# Is there a microchip for instruments?



## keeperofthegood (Apr 30, 2008)

Is there such a thing?

I mean, we microchip cats, dogs, cows, and even people (the use army can satellite track its soldiers according to the rummer mill). I believe all cell phones have gps locaters built into them now too.

So, why not instruments? I was just reading the posting about a stolen guitar and thought "as distinctive as some scratches and dents are, from 50 feet my eyes are a fail and one tobacco looks just like any other tobacco". Then I thought, it would be a lot simpler to positively identify instruments if they were micro chipped. They don't need to have batteries or other power sources built in. They would be factor set. 1 or 2 millimetres their physical impact on the instrument is not noticeable. And the neck and body could be easily chipped separately too.

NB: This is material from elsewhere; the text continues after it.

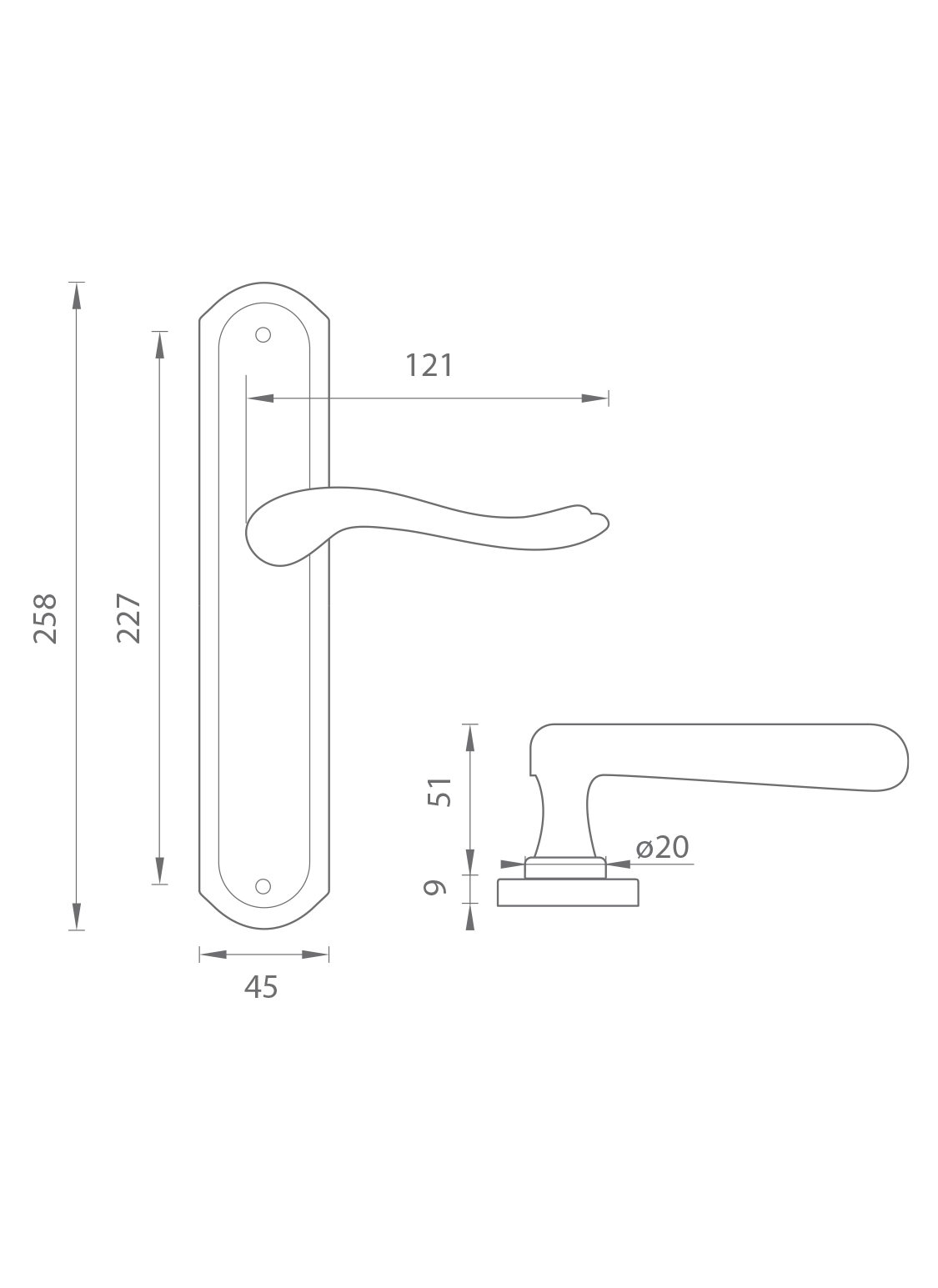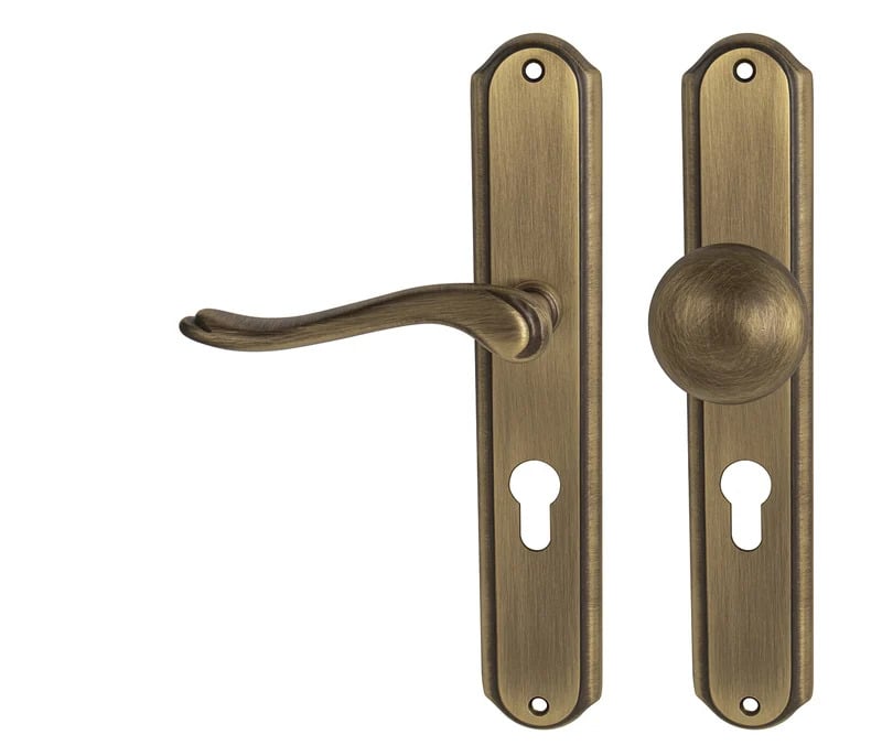 Štítová klika na interiérové dveře s oválným štítem je vyrobená z materiálů vysoké kvality - mosaz a je povrchově upravená.

I know this wont help the person who has had their instrument stolen but maybe it could help people in the future. It could even be something that customs could use in scanning packages heading out of country. They ping on a stolen item micro chip maybe they could help prevent stolen goods being shipped out? I don't know, it is an idea so, I ask here 


**EDIT you know, it could also cut down or even stop instrument counterfeiting. Especially if a hand holdable scanner for say 20 dollars is available retail. Take it with you, scan the instrument and know immediately the pedigree of your prospective purchase.


----------



## cheezyridr (Jun 8, 2009)

on all the nice guitars i've had, (all 3 of them) i put a label under the rear plate that says "if you are reading this contact: my name, adress, phone #.
because this guitar is stolen
they didn't have email back then or i woulda put that too. when i sold them, i removed the label.


----------



## keeperofthegood (Apr 30, 2008)

Indeed, labelling, stamping, and otherwise marking equipment is a good "See, there's the proof this is mine". I used to do the same thing with home stereos and bicycles etc. It is a good idea, and something people should do with their valuables, instruments included.

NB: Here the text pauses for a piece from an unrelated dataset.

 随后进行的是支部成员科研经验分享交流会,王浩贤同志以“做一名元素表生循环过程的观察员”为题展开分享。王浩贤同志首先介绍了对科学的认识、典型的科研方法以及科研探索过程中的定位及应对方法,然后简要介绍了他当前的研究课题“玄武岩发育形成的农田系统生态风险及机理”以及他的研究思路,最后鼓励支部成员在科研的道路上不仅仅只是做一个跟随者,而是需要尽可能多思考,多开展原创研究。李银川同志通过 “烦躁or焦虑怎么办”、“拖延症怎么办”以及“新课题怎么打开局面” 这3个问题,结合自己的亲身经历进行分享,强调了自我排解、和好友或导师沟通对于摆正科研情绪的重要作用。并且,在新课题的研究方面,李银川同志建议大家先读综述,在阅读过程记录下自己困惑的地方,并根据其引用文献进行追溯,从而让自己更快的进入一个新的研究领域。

In asking about micro chipping, I think I am taking that idea the next step. With a microchip anything that passes through any kind of shipper that has a scanner can read the chip. The chip wouldn't be more than the size of a grain of rice. It would be passive too, no one would need to be "looking" to see if what's on the conveyor was wanted by the police or not. It could help police in identifying materials seized in raids as well. You may have a label affixed to a panel that is under screws, but if 10,000 items are seized by police in a raid, I have little faith there will be an officer with a screwdriver taking out screws seeing to whom things belong.


----------



## mhammer (Nov 30, 2007)

The challenge is placing it somewhere that is cosmetically acceptable, easy to install, but not easy to remove. For example, between fingerboard and neck, or between the maple cap and mahogany body of a two-layer guitar.


----------



## jimihendrix (Jun 27, 2009)

inside the truss rod cover maybe...???...


----------



## simescan (May 15, 2007)

Have you tried selling the idea to the "big" names?,...You may have something there!


----------



## jimihendrix (Jun 27, 2009)

trust me...the idea has already been thought up long ago...many people would come out of the woodwork claiming it was their idea...


----------



## vasthorizon (Aug 10, 2008)

Gibson Custom Shop has been doing this for about a decade now:

"Neck Fit is also where the transponders that are standard equipment for every Custom Shop guitar are inserted into a tiny hole drilled in the neck tenons, which makes removal virtually impossible after the necks and bodies are glued together.
Neck Fitting

“In 1999 we started doing this with the R-9s,” he explains. “Beginning in 2000 they’ve gone into every Custom Shop guitar.”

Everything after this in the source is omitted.